Now, no doubt obtaining First Aid knowledge can be a very socially responsible thing to do. For everybody. But why cyclists? Why not pedestrians (many of us have seen people collapsing in the street and requiring medical help when walking). Or motorists, who are involved in collisions where people get hurt in rather greater numbers than cyclists falling off their bikes, as in the case in this story?

I’m not nit picking here. It just seems that this story is redolent of the “cycling is dangerous” mythology. Remember:

  • Cycling is less dangerous to others than driving is – by a long chalk.
  • Cycling is not inherently hazardous.
  • A lot is needed to be done to reduce danger to cyclists – and other road users – by reducing danger at source, from motor vehicular traffic. But the casualty rate for cyclists in London is low, and has declined. Say so, if it has.

Getting danger reduced for cyclists – and others – should be the objective. This means understanding what is going on and not relying on common mythology.

“The community”

Another bit of mythology

Ashley Sweetland MBE, of the St John Ambulance cycle response unit, said: “We know the London cycling community looks out for each other, which is why we want to equip as many cyclists as possible with the first aid skills to help when the unexpected happens.

What is this “cycling community”? I’m proud to have been a member of cycling clubs and organisations for 35 years. It’s great. But it is largely a sporting or cycle touring community. If we want cycling to be normalised as a form of everyday transport, it will not be a “community” and more than there is a “walking community”.



When I wrote my first response to the Evening Standard piece I didn’t bother to get into the casualty data as I was in a hurry – merely noting that the journalist should have taken the trouble to do so. I have now had a quick look at the most recent data  Casualties in Greater London during 2013 (June 2014), from the TfL web site.

What we see in Table 2 is that for the Pedal cyclists KSI figure (as explained above, KSI is the most reliable for cyclists in London) the  2005 – 2009 average was 420.6 . In 2012 this was a lot higher at  671 , but by last year it had gone down to 489. Now, year-on-year figures don’t tell you much. (Although if you are trying to sensationalise, you could turn the “soaring” into a 27% decline, or “plummeting” from 2012 to 2013.) Comparing last year to the 2005 – 2009 average there has been a 16% increase from 420 to 489 – but then the amount of cycling from the 2005 – 2009 average has probably gone up by a good 16%, if not more.

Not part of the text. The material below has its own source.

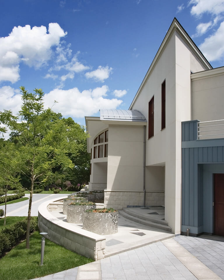The exterior of this unique, modern home is made of a series of curves, each with varying rhythms. The Dolomitic white limestone was sourced domestically to achieve the clean exterior feel without the expense and schedule complications associaetd with importing stone from Europe. Maple hardwood floors line an indoor basketball court that sits below the basement, 10ft into the water table – a technical challenge that required systems typically reserved for commercial waterfront projects and tunnels. Given the technology involved in the home, it seemed only natural to build a replica of the Millennium Falcon’s cockpit as a game room!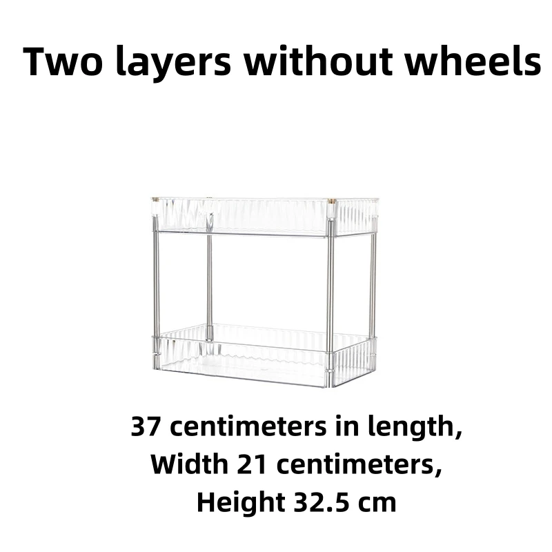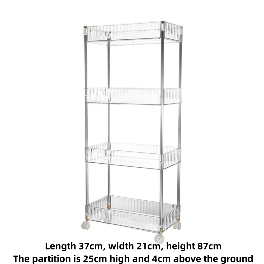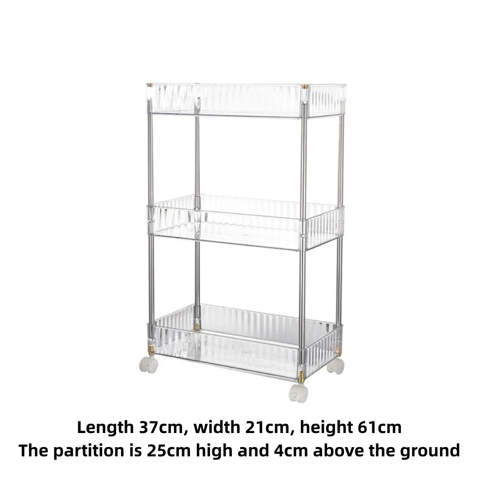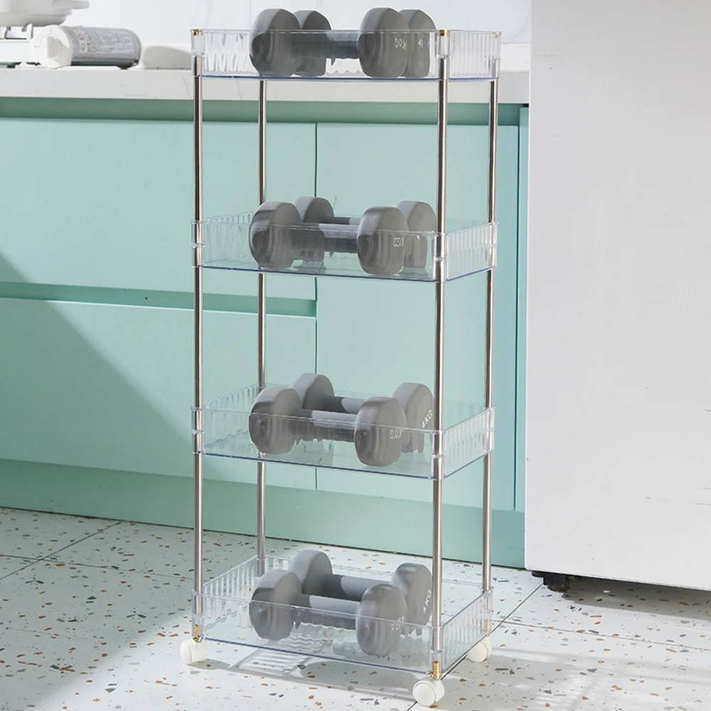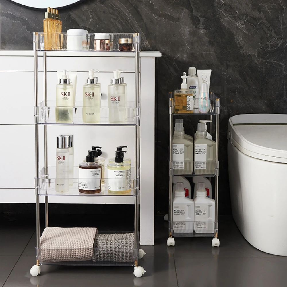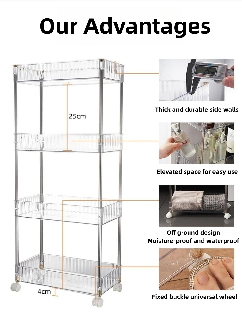 Le contenu décrit un petit, transparent cart with multiple layers that can be easily moved around on the floor. It is designed for use in various rooms such as the living room, cuisine, and bathroom to provide storage for miscellaneous items. The cart is compact and see-through, allowing for easy access to stored items while keeping things organized. Its versatile design makes it a convenient storage solution for different areas of the home.

So that’s, er, a steady or  declining casualty rate. Not “soaring”. Now, the Slight Injuries do show significant increases – but they are notoriously unreliable, and event here  an increase of the order indicated could mean – again – no significant increase in slight injuries per cyclist journey/distance or time travelled from the 2005 – 2009 average until 2013.

For a discussion of how we should try to measure danger, see this post.



1 thought on “Mythology in the reporting of an injured cyclist

  1. Jitensha Oni

    The corollary to your point about first aid is that, given the relative numbers in transit in most parts of London (and the UK) at most times of day, it would make more sense to call for pedestrians and motorists to be trained in first aid to help the injured riders. Or are riders really dalits who have to wait for another to come along to be treated? The “community” quote would seem to suggest so.